Con quello che passa il convento, DELITTO PERFETTO è un passatempo all'altezza della serata televisiva: una storia di quelle che non vi fanno uscire dalla sala prima della fine, due protagonisti "glamour" griffati come di dovere, Central Park attraverso le finestre e quadri d'autore alla pareti.Si diceva, dei "remake": indici di pigrizia creativa, di faciloneria economica, quasi mai di genuino desiderio di approfondimento. Vorrei potere dire il contrario di quest'ultima fatica dell'autore di un film gasatissimo, se non proprio profondo come IL FUGGITIVO. Ahimè, già il nostro Andrew Davis pone l'asticella un bel po' più in alto del proprio naso: pur non essendo in assoluto il più grande degli Hitchcock, DIAL M FOR MURDER (1953) è comunque rimasto nel tempo. Molti se lo ricorderanno: un giocatore di tennis squattrinato (Ray Milland), nel dubbio che la ricca moglie (Grace Kelly) non solo lo tradisca ma decida di partire, convince un vecchio amico girato male di venirla a strangolare al proprio domicilio. All'istante stesso nel quale egli si mostrerà al club, in compagnia del rivale. Celeberrimo per il provvidenziale paio di forbici che permette a Grace Kelly di cavarsela all'ultimo istante, DIAL M FOR MURDER deve però il proprio interesse al fatto che l'autore, una volta ancora, si comportò come meno ci si poteva attendere. Invece di fare come tutti coloro che traducono un'opera teatrale per lo schermo - "aerare" l'azione, liberarla dalla costrizione dello spazio teatrale, uscire all'aperto - il grande Hitch girò praticamente tutto fra le quattro mura dell'appartamento. Con il risultato di esaltare mirabilmente l'interpretazione, i dialoghi, il ritmo, l'illuminazione: e, di conseguenza, l'efficacia della situazione - il celebre suspense - oltre che il fulgore dell'espressione cinematografica.

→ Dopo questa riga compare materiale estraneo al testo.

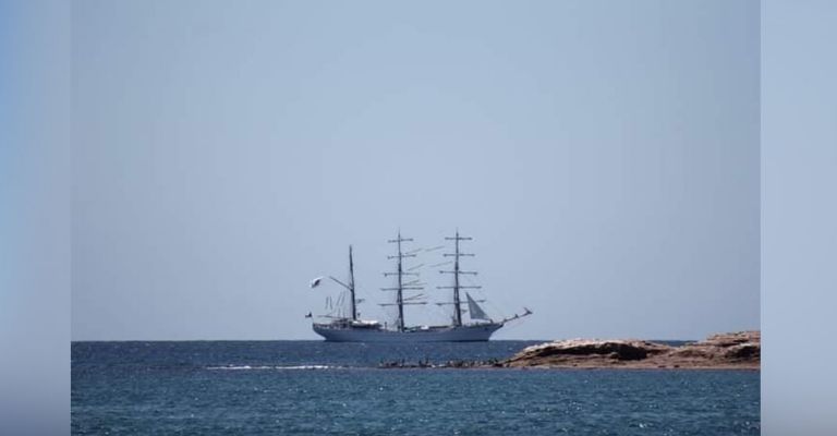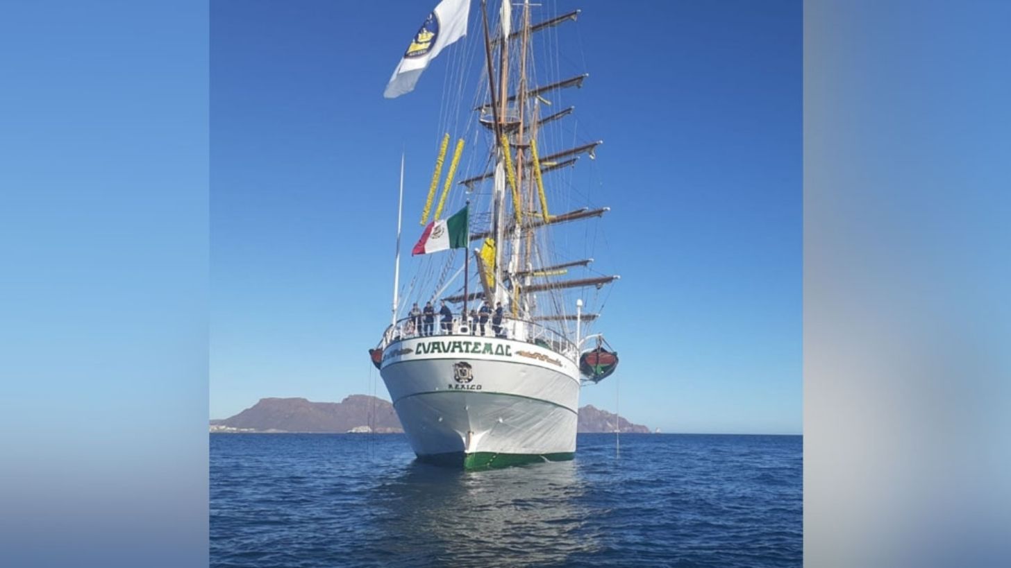 El horizonte hacia el Mar de Cortés, se vio interrumpido por la silueta del Buque Escuela Cuauhtémoc, de la Marina Nacional y que realiza un recorrido por los puertos mexicanos como parte del entrenamiento de los marinos en formación.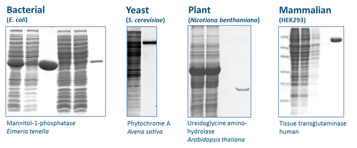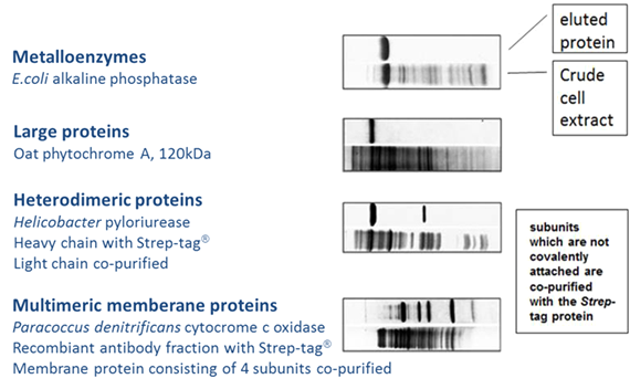 因His-tag系統(tǒng)使用Ni離子,所以在純化金屬蛋白(多數(shù)為酶)時(shí),可能會(huì)受到金屬間交互作用的干擾。而使用Strep-tag? 則不會(huì)出現(xiàn)此問題,因?yàn)镾trep-Tactin? XT與Strep-tag?的特異性結(jié)合不受金屬離子影響。且因其溫和的純化流程,所以還能用于純化大型蛋白、多亞基的蛋白復(fù)合體或是跨膜蛋白,并且保持蛋白功能。以Strep-tag?系統(tǒng)純化出不同的蛋白實(shí)例如下:
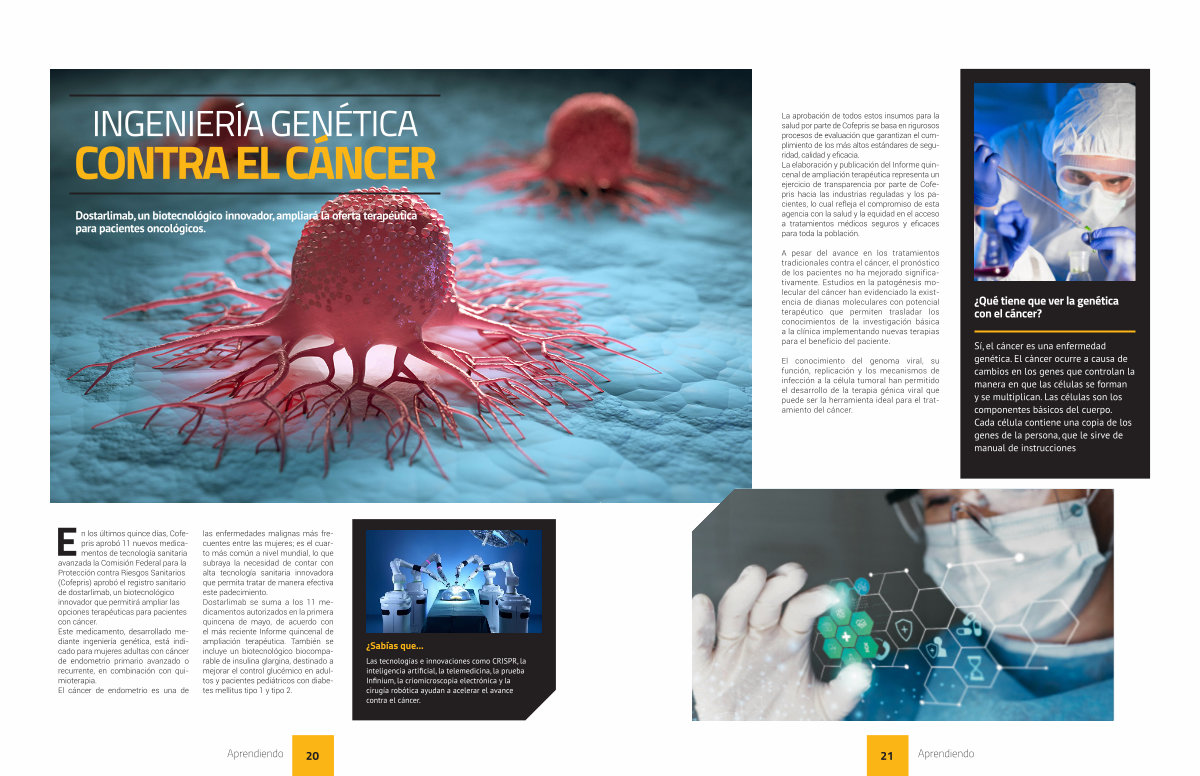 En los últimos quince días , Cofepris aprobó 11 nuevos medicamentos de tecnología sanitaria avanzada la Comisión Federal para la Protección contra Riesgos Sanitarios ( Cofepris ) aprobó el registro sanitario de dostarlimab , un biotecnológico innovador que permitirá ampliar las opciones terapéuticas para pacientes con cáncer . Este medicamento , desarrollado mediante ingeniería genética , está indicado para mujeres adultas con cáncer de endometrio primario avanzado o recurrente , en combinación con quimioterapia . El cáncer de endometrio es una de las enfermedades malignas más frecuentes entre las mujeres ; es el cuarto más común a nivel mundial , lo que subraya la necesidad de contar con alta tecnología sanitaria innovadora que permita tratar de manera efectiva este padecimiento . Dostarlimab se suma a los 11 medicamentos autorizados en la primera quincena de mayo , de acuerdo con el más reciente Informe quincenal de ampliación terapéutica . También se incluye un biotecnológico biocomparable de insulina glargina , destinado a mejorar el control glucémico en adultos y pacientes pediátricos con diabetes mellitus tipo 1 y tipo 2 .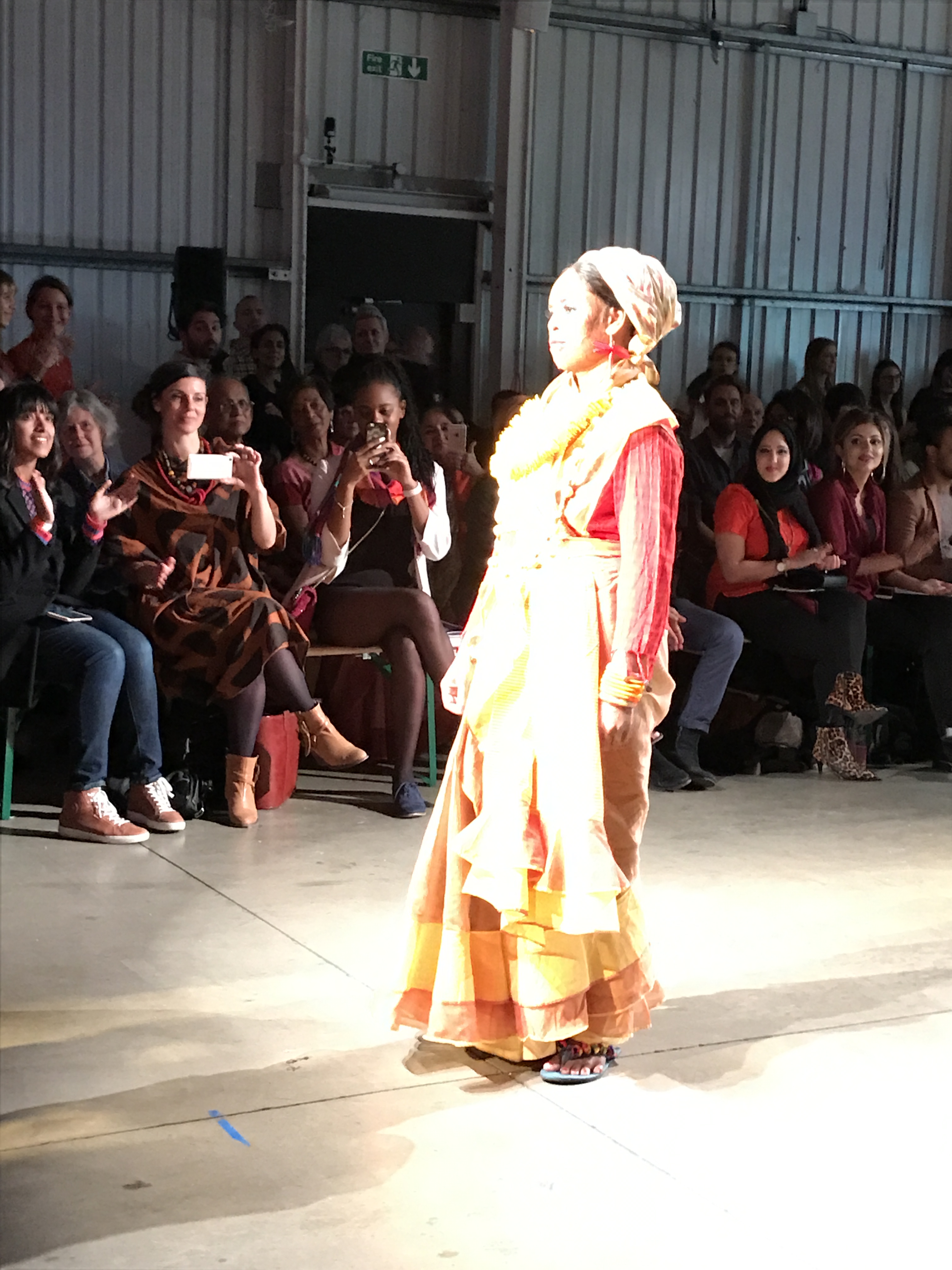 When later, I looked at the selfie, I was surprised by how many wrinkles I have. I never see them normally, when I look in the mirror, I sort of see the face I’m expecting to see, which I guess is an echo of the young me. But I’m not young, I’m 52, and I have lived a lot and laughed a lot, and my face has wrinkles. It is not a model’s face, it has not been airbrushed, but it’s mine. The wrinkles don’t matter. This is relevant when you consider that every model in the fashion show was the victim of an acid attack. They would probably have loved to have a few wrinkles on their faces, a few less scars.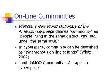 synchronous on-line settings (White, 2002). - LambdaMOO Community A rape in cyberspace.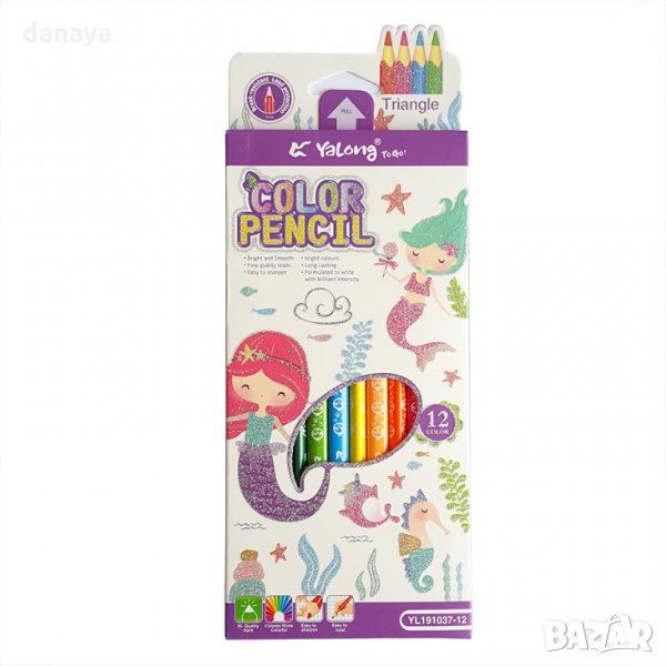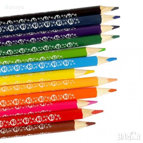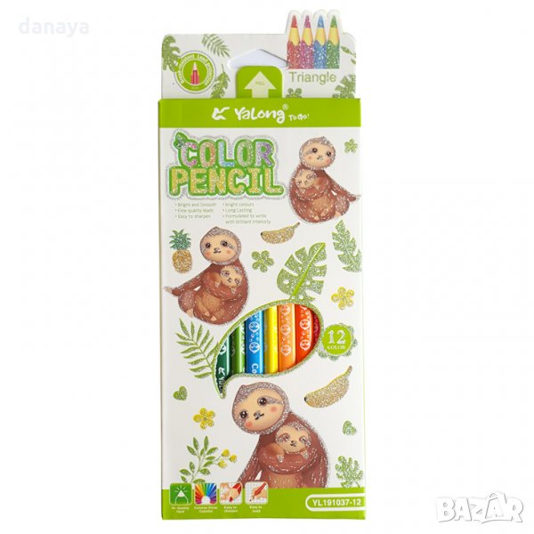 Сладурски цветни моливи за рисуване и оцветяване с принт на животни. Изработени от качествена дървесина. Лесни за подостряне. Триъгълно тяло за удобен захват. Ярки наситени цветове. Моливите са подходящи за училище и детска градина. 12 цвята в кутия.

Pure Andrew Davis ed i suoi finanziatori s premurano di innovare rispetto al modello: ma, come c'era da attendersi, con scarsa conseguenza e discreto disordine. Non solo perché le diverse sortite spettacolari non aggiungono nulla; al contrario, allentano la tensione e la concentrazione sulla famosa telefonata che fa scattare tutta l'operazione. Ma perché, privata com'è di rigore e misura, tutta l'azione si esaspera e si allenta, sottolineando progressivamente quanto andava invece gommato: l'assurdità di una situazione lambiccata ed artificiale.
Compiuta la frittata, poco possono allora gli ingredienti. Come i dettagli "moderni", telefonini ed aggeggi vari, o quelli tipici del genere (l'investigatore astuto arguto, oppure umano o implacabile, o complessato), che solitamente allietano i polizieschi; e che qui sono stolidamente ignorati. E, soprattutto, le due star celebrate. Delle due il meglio è la nostra Gwyneth Paltrow alla moda: viso mutevole oltre che gradevole, cazzotti poco credibili con il fisico da top model che si ritrova. In quanto a Michael Douglas, se con il ghigno che si ritrova uno non è in chiaro fin dall'inizio, significa allora che la pensa come (spero di sbagliarmi) Andrew Davis: assassino di certo, esecrabile marito da chiedersi perché la straricca biondina è andata a cercarselo, finanziere losco oltre che nullo. Ma ad un macho con la sua classe vogliamo si o no perdonargli quelle quisquilie...?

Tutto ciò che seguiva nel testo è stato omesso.